We tend to broadcast positive news about us and our business immediately, in lightning speed, while we filter negative information. Anyone who has ever had a management position will be aware of this and the recurring escalations.
Full transparency about the production, the status and performance at an airport raises opportunities and threats. Transparency does, however, not mean to provide all data available. An understanding of the end-to-end process may actually provide more useful insight than numerous reports. And the transparency required by a duty manager may be different from that required by a baggage handler.

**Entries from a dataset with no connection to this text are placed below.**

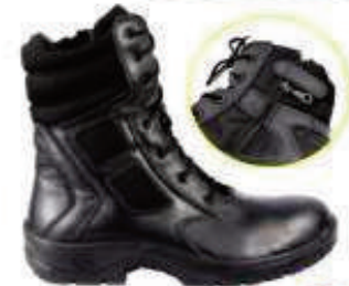
COATTACK 94,90€ Bota Security Zipper 8" 84,90€ Piel flor, piso poliuretano doble densidad
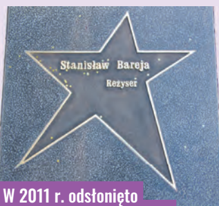
W 2011 r. odsłonięto gwiazdę Stanisława Barei na ul. Piotrkowskiej

epizodyczne role i kręcił krótkie filmiki reklamowe. W 1958 r. przedstawił jako film dyplomowy etiudę pod tytułem „Gorejące czapki”, ale obraz ten nie został przyjęty z przyczyn ideolo-
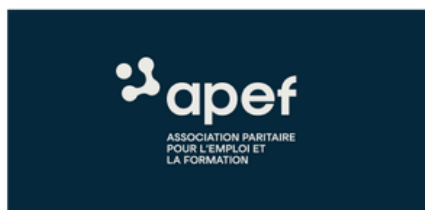
Logo version negative et sa baseline (V)

Good.Transparency exposes weaknesses and leads to rapid improvements in quality and efficiency driven by the managers in charge. It leads to more impartial discussions (forget about "always" and "never", we talk about facts). With more insight into the professionalism of the process owners, problems are better understood by others.There is less need for centralized command and control, because managers do it already for their part. The new culture of transparency ultimately saves money.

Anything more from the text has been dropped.